What to work on » From the data below, repeat everything exactly except the images.

Collected material »
===============
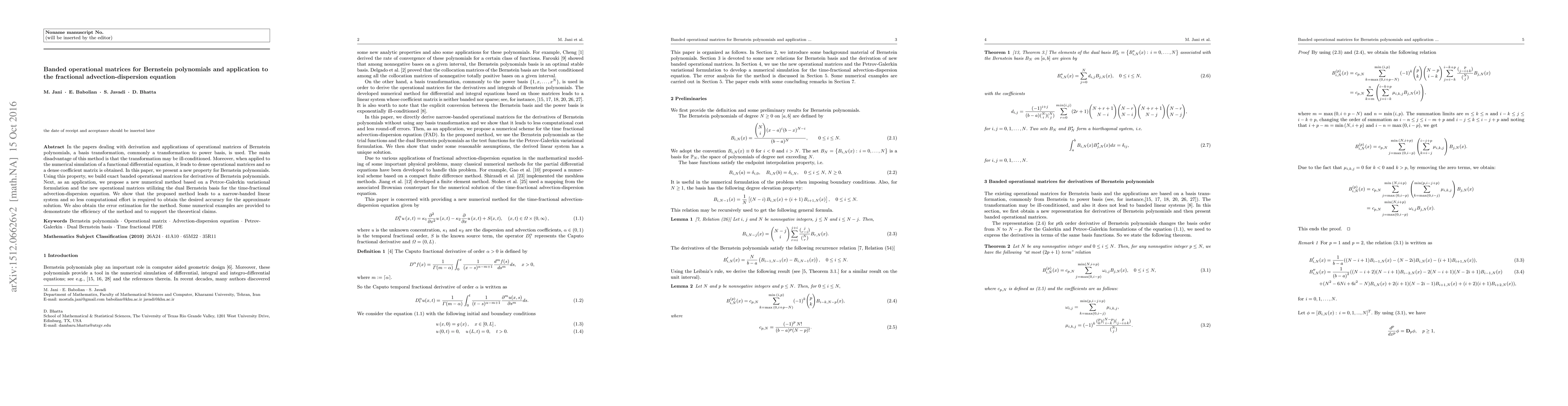 This paper introduces exact banded operational matrices for Bernstein polynomials, overcoming the ill-conditioning and density issues of traditional transformation methods. It proposes a new numerical method for solving the time-fractional advection-dispersion equation using the dual Bernstein basis, resulting in a narrow-banded linear system that requires less computational effort.
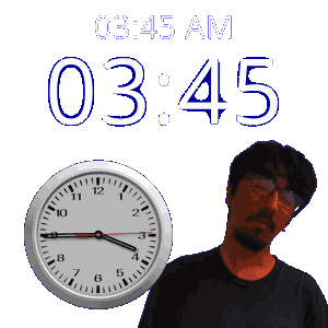 a man is standing in front of a clock that says 03:45 am
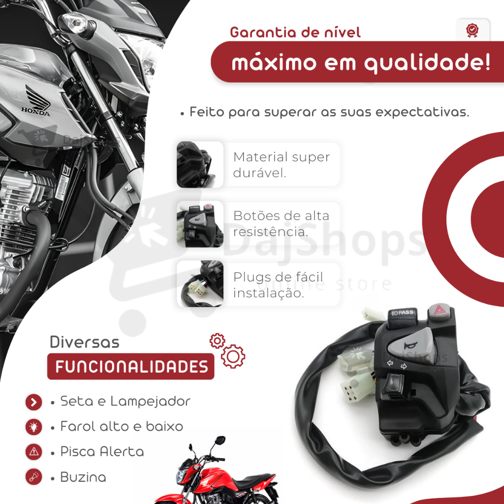 Punho Chave Luz Fan 150 Titan 150 2004 2013 Fan 125 2009 2013 Pisca Alerta Lampejo Cb 650 Nc 750
===============
Exercise output »
 This paper introduces exact banded operational matrices for Bernstein polynomials, overcoming the ill-conditioning and density issues of traditional transformation methods. It proposes a new numerical method for solving the time-fractional advection-dispersion equation using the dual Bernstein basis, resulting in a narrow-banded linear system that requires less computational effort.
 a man is standing in front of a clock that says 03:45 am
 Punho Chave Luz Fan 150 Titan 150 2004 2013 Fan 125 2009 2013 Pisca Alerta Lampejo Cb 650 Nc 750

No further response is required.